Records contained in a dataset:

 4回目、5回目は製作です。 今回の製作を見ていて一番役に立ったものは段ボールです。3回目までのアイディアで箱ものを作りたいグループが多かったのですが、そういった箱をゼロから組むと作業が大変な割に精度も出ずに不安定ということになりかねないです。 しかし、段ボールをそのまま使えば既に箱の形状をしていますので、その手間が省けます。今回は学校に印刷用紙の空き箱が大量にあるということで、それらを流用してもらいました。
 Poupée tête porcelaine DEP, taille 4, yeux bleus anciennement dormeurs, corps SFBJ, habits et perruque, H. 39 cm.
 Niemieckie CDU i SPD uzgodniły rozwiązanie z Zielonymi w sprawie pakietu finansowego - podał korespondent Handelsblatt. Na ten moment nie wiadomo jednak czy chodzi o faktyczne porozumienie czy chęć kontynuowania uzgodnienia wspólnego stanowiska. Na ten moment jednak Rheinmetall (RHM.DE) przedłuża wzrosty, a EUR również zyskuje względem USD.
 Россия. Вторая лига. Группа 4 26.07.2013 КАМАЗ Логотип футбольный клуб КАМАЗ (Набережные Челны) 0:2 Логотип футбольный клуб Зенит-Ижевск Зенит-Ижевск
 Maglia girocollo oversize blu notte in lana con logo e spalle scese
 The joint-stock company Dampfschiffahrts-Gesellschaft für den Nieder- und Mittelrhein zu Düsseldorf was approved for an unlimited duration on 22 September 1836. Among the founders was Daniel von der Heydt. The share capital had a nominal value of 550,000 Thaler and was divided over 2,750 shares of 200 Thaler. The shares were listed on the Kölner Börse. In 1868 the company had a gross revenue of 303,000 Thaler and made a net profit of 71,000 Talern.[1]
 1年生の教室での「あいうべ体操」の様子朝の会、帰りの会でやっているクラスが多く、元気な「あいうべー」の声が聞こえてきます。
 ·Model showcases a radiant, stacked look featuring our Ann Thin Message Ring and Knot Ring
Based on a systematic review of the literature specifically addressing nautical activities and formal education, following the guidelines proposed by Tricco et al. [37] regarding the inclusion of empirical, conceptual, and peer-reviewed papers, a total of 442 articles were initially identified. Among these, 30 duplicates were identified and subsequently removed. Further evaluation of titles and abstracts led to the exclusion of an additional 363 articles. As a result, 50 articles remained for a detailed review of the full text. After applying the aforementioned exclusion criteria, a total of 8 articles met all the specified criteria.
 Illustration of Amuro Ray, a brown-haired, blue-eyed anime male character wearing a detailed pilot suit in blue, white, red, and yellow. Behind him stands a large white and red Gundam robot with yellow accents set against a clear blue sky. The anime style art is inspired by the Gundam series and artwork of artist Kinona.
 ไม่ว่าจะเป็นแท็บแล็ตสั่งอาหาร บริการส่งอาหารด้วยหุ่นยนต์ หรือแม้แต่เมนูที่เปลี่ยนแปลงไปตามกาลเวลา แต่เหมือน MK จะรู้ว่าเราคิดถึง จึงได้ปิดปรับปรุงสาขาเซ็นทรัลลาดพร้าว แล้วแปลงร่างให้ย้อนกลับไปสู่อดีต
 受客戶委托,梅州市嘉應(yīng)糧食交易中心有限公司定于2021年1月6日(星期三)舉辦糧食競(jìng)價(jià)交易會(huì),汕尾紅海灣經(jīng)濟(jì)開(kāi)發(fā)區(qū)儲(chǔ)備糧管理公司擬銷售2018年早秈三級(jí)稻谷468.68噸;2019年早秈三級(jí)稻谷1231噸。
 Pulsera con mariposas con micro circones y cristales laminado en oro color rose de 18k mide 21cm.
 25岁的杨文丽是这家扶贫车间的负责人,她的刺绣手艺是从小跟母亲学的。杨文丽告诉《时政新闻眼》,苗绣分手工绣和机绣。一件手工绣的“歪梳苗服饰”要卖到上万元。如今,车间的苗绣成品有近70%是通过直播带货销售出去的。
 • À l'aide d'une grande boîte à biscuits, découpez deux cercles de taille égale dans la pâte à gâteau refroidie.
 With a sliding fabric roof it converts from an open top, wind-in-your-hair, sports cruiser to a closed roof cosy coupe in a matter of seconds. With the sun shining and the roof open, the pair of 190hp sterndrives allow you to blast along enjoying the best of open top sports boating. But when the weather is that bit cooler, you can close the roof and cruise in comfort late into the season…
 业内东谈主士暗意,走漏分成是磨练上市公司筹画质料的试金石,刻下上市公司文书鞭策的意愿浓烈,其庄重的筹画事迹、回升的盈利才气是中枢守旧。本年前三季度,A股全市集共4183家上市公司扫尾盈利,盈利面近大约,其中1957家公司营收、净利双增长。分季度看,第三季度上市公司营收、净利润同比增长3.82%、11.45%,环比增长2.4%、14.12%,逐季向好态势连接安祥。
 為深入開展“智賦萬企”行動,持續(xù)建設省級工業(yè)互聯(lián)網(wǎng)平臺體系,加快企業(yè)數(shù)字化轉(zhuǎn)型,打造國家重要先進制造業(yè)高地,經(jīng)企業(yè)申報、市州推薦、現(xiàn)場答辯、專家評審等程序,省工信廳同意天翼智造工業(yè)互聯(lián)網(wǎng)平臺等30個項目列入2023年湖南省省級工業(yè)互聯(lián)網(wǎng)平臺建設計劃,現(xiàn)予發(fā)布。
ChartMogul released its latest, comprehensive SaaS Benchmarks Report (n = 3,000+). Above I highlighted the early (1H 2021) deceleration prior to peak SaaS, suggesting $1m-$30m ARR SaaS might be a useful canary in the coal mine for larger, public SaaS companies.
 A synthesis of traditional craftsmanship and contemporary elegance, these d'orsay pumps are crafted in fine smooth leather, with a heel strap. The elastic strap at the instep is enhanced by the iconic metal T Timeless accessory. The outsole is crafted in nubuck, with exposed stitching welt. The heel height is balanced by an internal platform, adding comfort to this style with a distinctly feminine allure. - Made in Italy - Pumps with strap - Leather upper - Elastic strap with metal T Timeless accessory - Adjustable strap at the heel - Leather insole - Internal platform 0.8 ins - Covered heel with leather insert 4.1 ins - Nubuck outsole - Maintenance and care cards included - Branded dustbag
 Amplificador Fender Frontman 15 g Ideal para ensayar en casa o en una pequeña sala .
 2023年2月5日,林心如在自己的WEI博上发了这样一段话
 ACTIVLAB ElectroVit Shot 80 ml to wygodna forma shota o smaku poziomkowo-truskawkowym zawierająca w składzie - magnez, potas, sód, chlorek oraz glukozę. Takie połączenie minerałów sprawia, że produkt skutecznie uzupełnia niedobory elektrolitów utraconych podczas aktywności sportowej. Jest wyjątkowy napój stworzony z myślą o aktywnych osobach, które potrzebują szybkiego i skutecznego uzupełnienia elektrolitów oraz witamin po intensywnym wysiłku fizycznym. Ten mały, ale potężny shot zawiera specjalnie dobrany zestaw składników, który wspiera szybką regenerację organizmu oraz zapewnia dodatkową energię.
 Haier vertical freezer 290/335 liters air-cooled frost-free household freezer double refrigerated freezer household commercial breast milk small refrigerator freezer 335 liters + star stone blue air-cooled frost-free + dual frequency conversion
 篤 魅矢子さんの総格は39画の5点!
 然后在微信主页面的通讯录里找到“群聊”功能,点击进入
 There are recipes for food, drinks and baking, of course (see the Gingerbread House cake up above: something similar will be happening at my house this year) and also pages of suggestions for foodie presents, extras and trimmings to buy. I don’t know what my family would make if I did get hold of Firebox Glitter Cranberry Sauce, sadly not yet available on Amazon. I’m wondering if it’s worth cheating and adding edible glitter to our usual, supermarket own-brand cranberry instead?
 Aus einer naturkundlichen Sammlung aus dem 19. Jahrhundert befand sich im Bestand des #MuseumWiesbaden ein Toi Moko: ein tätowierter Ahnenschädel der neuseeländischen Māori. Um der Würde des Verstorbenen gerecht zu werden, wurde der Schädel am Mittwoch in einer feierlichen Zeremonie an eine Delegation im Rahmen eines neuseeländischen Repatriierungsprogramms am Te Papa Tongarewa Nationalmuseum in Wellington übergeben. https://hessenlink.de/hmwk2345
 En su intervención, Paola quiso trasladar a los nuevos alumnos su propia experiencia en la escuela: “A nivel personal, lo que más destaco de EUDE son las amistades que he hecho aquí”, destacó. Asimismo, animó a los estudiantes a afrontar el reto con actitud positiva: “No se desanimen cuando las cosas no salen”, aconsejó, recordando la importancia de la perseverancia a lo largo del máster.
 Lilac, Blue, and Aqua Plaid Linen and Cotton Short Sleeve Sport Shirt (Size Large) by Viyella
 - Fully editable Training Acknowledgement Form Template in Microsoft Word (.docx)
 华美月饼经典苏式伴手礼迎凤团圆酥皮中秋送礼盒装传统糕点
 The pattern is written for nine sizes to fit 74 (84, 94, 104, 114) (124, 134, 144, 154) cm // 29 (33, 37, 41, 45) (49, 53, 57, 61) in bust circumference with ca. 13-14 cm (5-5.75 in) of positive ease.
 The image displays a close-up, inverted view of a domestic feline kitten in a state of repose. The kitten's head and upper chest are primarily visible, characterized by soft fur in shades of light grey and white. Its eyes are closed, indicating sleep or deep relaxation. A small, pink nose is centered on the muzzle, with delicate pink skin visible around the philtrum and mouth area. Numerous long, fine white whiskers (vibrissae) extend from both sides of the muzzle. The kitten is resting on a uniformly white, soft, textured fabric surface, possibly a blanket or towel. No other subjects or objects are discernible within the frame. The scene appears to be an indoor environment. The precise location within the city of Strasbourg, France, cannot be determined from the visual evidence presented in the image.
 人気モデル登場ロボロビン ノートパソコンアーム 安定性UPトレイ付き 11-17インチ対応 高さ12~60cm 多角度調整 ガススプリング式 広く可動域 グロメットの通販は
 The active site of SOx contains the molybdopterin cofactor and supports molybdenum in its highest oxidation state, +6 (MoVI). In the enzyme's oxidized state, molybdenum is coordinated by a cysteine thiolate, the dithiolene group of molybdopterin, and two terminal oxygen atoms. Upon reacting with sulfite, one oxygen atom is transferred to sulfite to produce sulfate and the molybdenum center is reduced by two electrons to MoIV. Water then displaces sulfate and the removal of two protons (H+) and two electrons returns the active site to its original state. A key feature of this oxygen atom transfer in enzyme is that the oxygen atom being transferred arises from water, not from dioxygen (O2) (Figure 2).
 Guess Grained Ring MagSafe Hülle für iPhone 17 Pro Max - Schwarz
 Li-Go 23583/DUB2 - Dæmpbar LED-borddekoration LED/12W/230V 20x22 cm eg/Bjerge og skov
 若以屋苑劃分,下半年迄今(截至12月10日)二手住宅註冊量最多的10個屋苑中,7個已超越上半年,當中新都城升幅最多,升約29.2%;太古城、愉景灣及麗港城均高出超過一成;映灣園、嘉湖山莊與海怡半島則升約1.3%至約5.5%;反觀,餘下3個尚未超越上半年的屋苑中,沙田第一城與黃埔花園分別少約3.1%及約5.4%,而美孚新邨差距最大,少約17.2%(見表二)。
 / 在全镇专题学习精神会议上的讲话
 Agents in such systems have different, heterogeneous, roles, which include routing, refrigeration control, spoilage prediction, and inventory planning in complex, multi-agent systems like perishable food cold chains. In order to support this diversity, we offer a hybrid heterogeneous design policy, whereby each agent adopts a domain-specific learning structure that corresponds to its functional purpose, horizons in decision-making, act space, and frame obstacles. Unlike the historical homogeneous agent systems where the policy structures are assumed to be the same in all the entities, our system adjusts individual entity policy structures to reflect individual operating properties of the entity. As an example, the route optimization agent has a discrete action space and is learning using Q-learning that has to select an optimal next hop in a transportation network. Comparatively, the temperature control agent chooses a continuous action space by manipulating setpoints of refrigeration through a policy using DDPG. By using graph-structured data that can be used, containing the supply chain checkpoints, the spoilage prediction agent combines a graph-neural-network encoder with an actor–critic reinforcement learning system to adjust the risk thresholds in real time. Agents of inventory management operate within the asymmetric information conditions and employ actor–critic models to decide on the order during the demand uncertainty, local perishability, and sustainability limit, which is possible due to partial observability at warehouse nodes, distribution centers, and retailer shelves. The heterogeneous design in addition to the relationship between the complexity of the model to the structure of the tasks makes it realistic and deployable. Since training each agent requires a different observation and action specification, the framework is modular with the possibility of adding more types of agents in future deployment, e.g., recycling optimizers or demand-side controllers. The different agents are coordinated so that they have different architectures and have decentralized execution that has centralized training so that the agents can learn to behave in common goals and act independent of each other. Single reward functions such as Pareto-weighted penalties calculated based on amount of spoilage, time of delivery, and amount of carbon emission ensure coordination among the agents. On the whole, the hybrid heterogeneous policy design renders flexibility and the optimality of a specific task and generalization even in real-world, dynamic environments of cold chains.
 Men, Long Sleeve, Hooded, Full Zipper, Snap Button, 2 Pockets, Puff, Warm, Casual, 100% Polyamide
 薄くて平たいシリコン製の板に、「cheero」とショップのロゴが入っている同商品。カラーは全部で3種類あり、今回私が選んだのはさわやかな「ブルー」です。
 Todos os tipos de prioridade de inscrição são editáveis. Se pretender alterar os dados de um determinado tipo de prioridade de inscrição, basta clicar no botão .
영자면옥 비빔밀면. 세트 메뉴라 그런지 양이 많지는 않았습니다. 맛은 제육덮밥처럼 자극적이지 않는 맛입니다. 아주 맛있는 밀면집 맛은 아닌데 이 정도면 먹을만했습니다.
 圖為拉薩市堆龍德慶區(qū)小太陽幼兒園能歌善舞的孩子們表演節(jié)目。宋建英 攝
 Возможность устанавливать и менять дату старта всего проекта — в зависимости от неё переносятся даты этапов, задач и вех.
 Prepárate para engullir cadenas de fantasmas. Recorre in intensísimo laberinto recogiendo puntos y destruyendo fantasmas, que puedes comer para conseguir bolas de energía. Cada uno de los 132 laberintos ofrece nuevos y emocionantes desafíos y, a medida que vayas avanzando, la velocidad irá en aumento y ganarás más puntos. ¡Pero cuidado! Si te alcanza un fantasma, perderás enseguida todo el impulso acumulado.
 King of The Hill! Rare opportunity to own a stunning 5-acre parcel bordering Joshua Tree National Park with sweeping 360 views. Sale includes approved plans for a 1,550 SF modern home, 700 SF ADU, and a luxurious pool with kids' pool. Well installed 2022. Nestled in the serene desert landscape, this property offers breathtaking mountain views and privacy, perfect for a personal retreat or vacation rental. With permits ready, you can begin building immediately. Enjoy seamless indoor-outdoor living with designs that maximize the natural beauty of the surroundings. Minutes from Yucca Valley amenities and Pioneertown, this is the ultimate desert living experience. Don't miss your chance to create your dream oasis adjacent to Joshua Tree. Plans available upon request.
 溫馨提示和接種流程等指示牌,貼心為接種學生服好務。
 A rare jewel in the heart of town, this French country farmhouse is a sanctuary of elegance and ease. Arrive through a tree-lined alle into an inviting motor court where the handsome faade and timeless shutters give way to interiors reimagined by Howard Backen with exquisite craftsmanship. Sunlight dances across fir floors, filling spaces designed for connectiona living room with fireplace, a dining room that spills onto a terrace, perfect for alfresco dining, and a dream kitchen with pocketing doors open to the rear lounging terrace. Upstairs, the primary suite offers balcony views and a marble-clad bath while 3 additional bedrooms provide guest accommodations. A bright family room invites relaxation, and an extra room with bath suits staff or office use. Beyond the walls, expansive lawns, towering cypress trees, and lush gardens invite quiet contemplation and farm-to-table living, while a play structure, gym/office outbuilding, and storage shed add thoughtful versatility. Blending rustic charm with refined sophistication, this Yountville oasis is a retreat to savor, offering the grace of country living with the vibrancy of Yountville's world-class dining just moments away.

● **EXERCISE BRIEF**: All lines above between those holding "à gâteau refroidie." and "业内东谈主士暗意,走漏分成是", inclusive, must be set down unchanged, and no other line may be included.

● **SOLUTION BELOW**:
 • À l'aide d'une grande boîte à biscuits, découpez deux cercles de taille égale dans la pâte à gâteau refroidie.
 With a sliding fabric roof it converts from an open top, wind-in-your-hair, sports cruiser to a closed roof cosy coupe in a matter of seconds. With the sun shining and the roof open, the pair of 190hp sterndrives allow you to blast along enjoying the best of open top sports boating. But when the weather is that bit cooler, you can close the roof and cruise in comfort late into the season…
 业内东谈主士暗意,走漏分成是磨练上市公司筹画质料的试金石,刻下上市公司文书鞭策的意愿浓烈,其庄重的筹画事迹、回升的盈利才气是中枢守旧。本年前三季度,A股全市集共4183家上市公司扫尾盈利,盈利面近大约,其中1957家公司营收、净利双增长。分季度看,第三季度上市公司营收、净利润同比增长3.82%、11.45%,环比增长2.4%、14.12%,逐季向好态势连接安祥。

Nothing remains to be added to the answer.